The execution-space bitfield at entity+182 (documented in Execution Spaces) is set during attribute application. Without --default-device, an unannotated function has byte 0x00 at entity+182 -- the 0x30 mask extracts 0x00, which is treated as implicit __host__. With --default-device active, the frontend treats unannotated functions as if __device__ had been applied, setting byte+182 to 0x23 (the standard __device__ OR mask: device_capable | device_explicit | device_annotation).

This means the downstream subsystems -- keep-in-IL marking, cross-space validation, device-only filtering -- all see a properly-annotated __device__ entity and process it identically to an explicitly annotated one. The flag does not add a "JIT mode" code path through every subsystem; it simply changes the default annotation, and the existing execution-space machinery handles the rest.

How to Pass the Flag

In normal nvcc workflows, --default-device is passed through -Xcudafe:

nvcc -Xcudafe --default-device source.cu

In NVRTC workflows, the flag is passed via the nvrtcCompileProgram options array:

const char *opts[] = {"--default-device"};
nvrtcCompileProgram(prog, 1, opts);

JIT Mode Diagnostics

Five error messages enforce JIT mode restrictions. All five are emitted during semantic analysis when the frontend encounters an entity that cannot exist in a device-only compilation. The messages are self-documenting: four of the five include an explicit suggestion to use --default-device.

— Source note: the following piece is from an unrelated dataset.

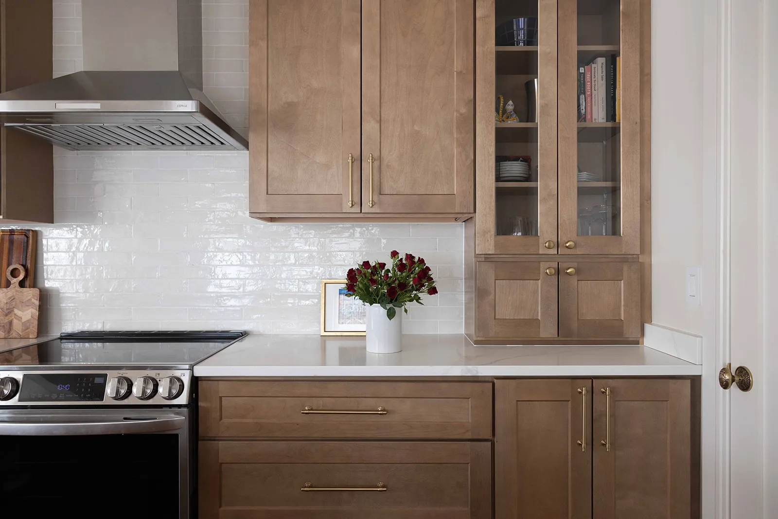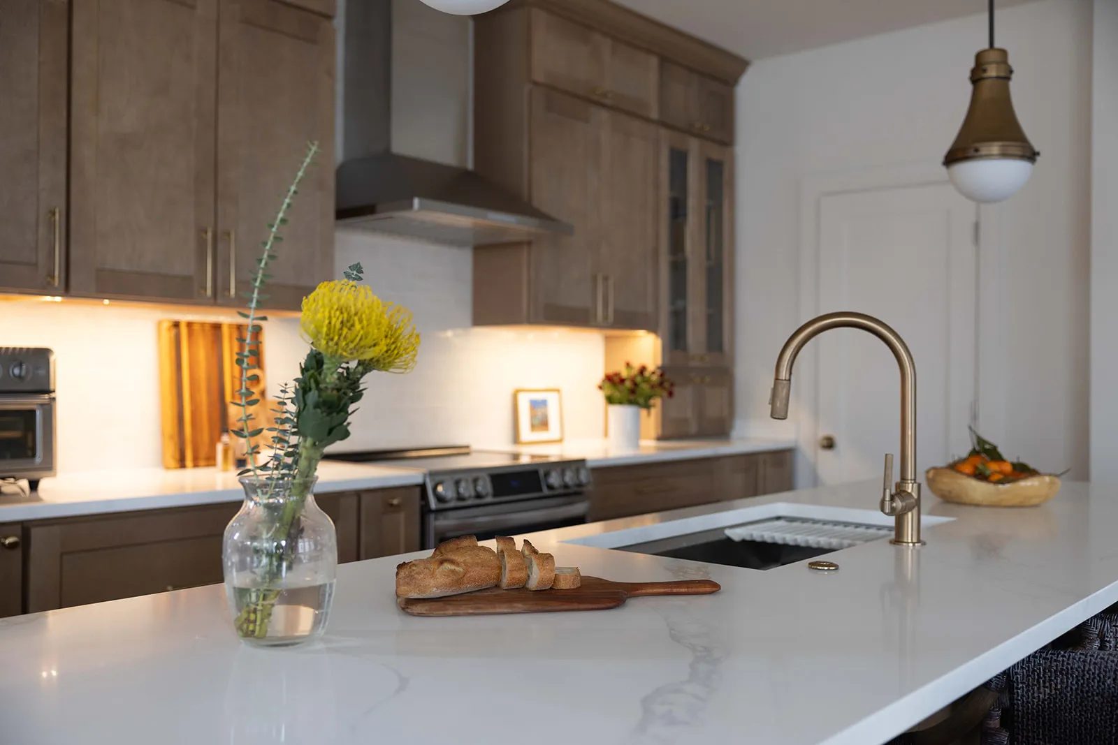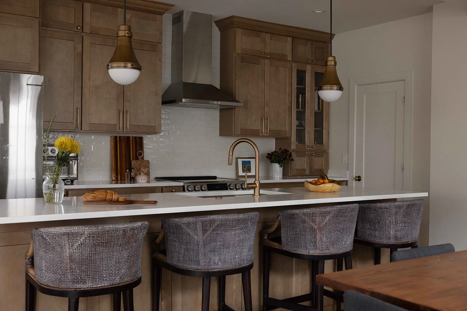 The original hardwood floors were refinished in warm walnut tones adding depth while maintaining continuity throughout the home. The kitchen is truly the heart of this renovation — designed as the central gathering space for a family who loves to cook and entertain. We created generous circulation so that people can move comfortably around the kitchen and a substantial island anchors the room so guests can convene and converse as the meal is being prepared.
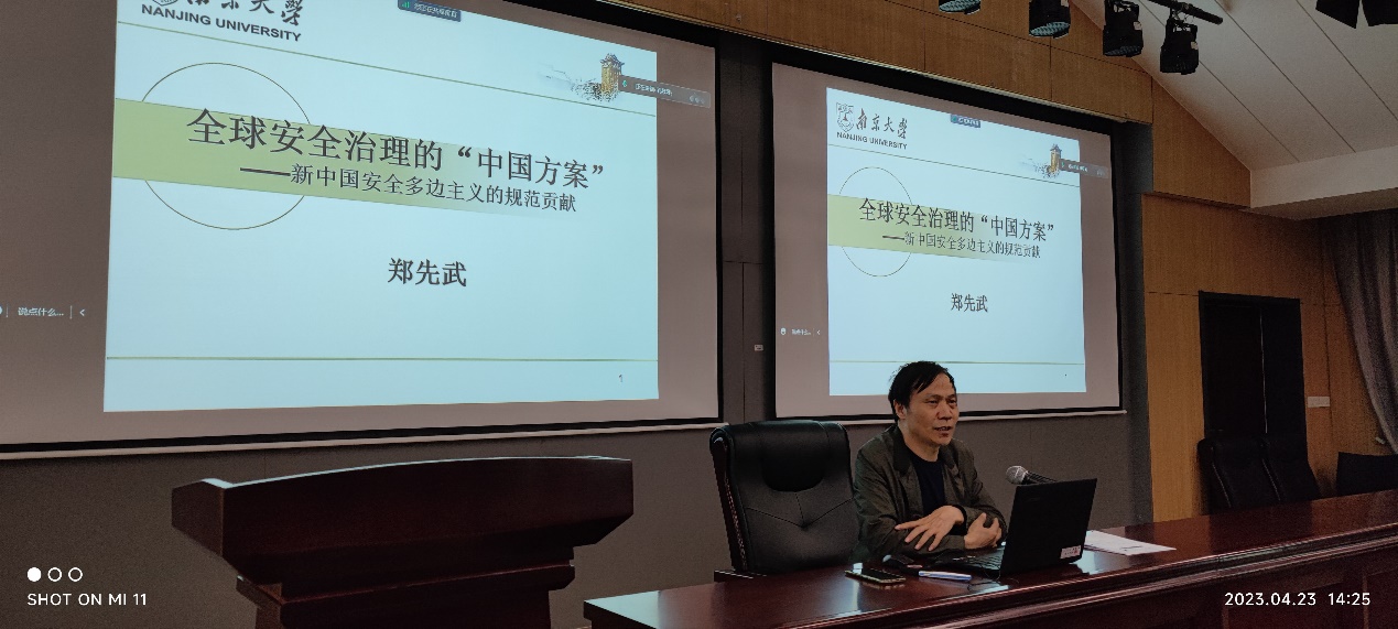 之后,校党委理论讲师团成员、我院郑先武教授为全体师生党员带来主题为“全球安全治理‘中国方案’”的党课。郑先武老师从时代性、历史性、创造性三个角度着眼,分析了全球权力大转移的周期、目前新的动荡变革期、地缘政治回归和区域问题突显和中美全面竞争日益加剧的时代属性;接着郑老师从历史性角度分析了新中国安全多边主义的演进历程,从传统型和平外交到务实型发展外交再演进到引领型总体外交,介绍了“一带一路”倡议、丝路基金的设立、澜湄国家共同体建设以及促进沙特与伊朗和解等行动引领方面的重大成就;最后,郑老师从人类命运共同体开始,从“新型国际关系”、总体国家安全观、“亚洲安全观”发展到习近平总书记2020年在博鳌亚洲论坛上首次提出“全球安全倡议”,创造性地提出了应对世界之变、时代之变和历史之变的最新“中国方案”,为推进全球安全治理、应对国际安全挑战贡献了“中国智慧”,更为维护世界和平安宁指明了“前进方向”。这次党课,从国际关系领域全面分析了全球安全治理“中国方案”的提出、具体内容和重大意义,在把握历史规律和掌握发展航向的基础上,教育引导全院师生党员厚植爱党爱国情怀,进一步坚定“四个自信”,是运用历史思维,把握内在规律,将理论与实践、历史与现实融会贯通的生动一课。

Diagnostic 1: Explicit host Function

Tag: no_host_in_jit

Message:

A function explicitly marked as a __host__ function is not allowed in JIT mode

Trigger: The function declaration carries an explicit __host__ annotation (entity+182 has bit 4 set via the 0x15 OR mask from apply_nv_host_attr at sub_4108E0). This is unconditionally illegal in JIT mode -- there is no device-side representation of a host-only function, and JIT mode produces no host output.

No --default-device suggestion: This is the only JIT diagnostic that does not suggest --default-device. The flag only affects unannotated entities. An explicit __host__ annotation overrides the default. The fix must be a source code change: remove __host__, change it to __device__, or change it to __host__ __device__.

Example:

// JIT mode: error no_host_in_jit
__host__ void setup() { /* ... */ }

// Fix options:
__device__ void setup() { /* ... */ }
__host__ __device__ void setup() { /* ... */ }  // if needed in both contexts

Diagnostic 2: Unannotated Function

Tag: unannotated_function_in_jit

Message:

A function without execution space annotations (__host__/__device__/__global__)
is considered a host function, and host functions are not allowed in JIT mode.
Consider using -default-device flag to process unannotated functions as __device__
functions in JIT mode

Trigger: A function entity has (entity+182 & 0x30) == 0x00 -- no explicit execution-space annotation. By default this means implicit __host__, which is illegal in JIT mode.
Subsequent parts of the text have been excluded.